● DATASET EXTRACT
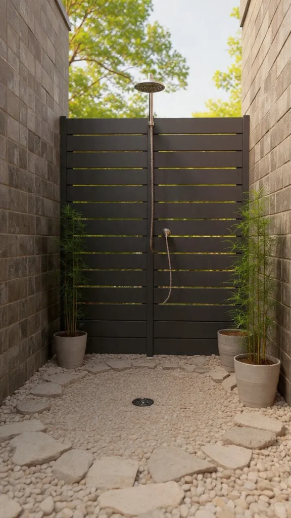 This setup is perfect for renters or those who want portability. You can take the shower fixture with you when you move and restore the gravel area easily. Surround the space with tall ornamental grasses, bamboo, or potted plants to create privacy naturally without permanent structures.
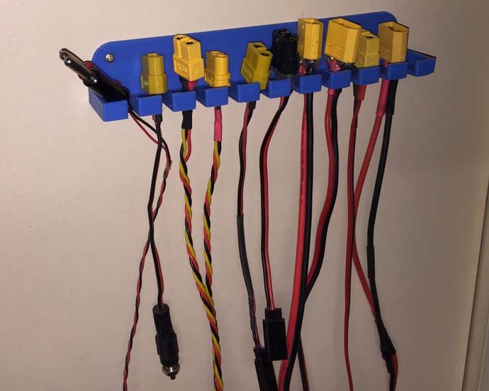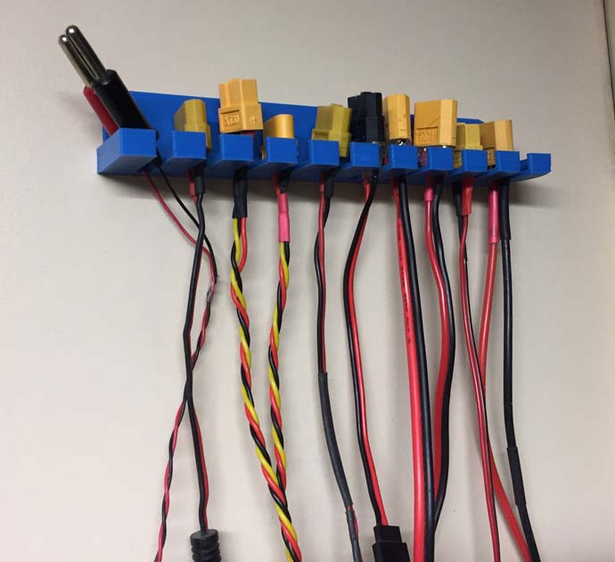 Pour l'atelier, un support pour les câbles de charge : Fichier STL : Porte_Prises.stl
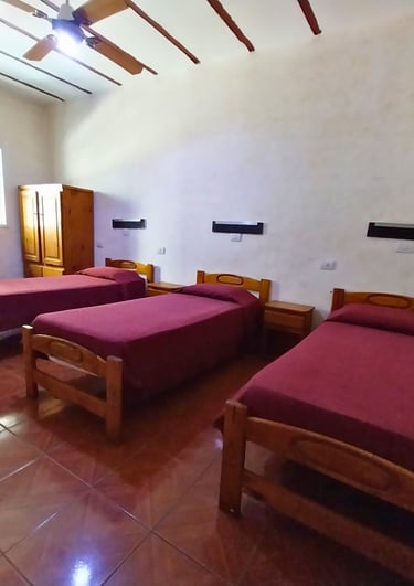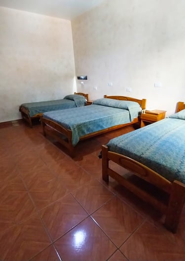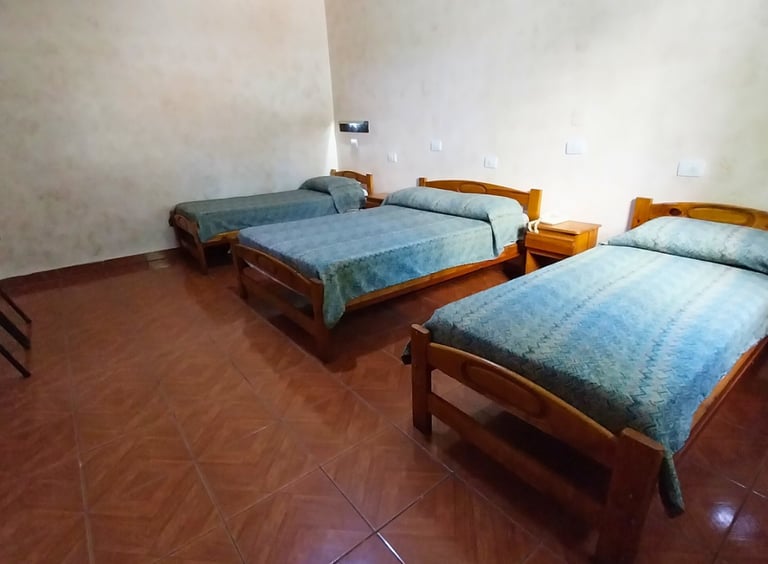 Habitación Cuádruple con todos los servicios: escritorio de trabajo, WiFi, TV por cable y baño privado.

● EXERCISE DIRECTIONS
Would you please set down the listing above exactly, minus its images?

● PROBLEM SOLUTION
 This setup is perfect for renters or those who want portability. You can take the shower fixture with you when you move and restore the gravel area easily. Surround the space with tall ornamental grasses, bamboo, or potted plants to create privacy naturally without permanent structures.
 Pour l'atelier, un support pour les câbles de charge : Fichier STL : Porte_Prises.stl
 Habitación Cuádruple con todos los servicios: escritorio de trabajo, WiFi, TV por cable y baño privado.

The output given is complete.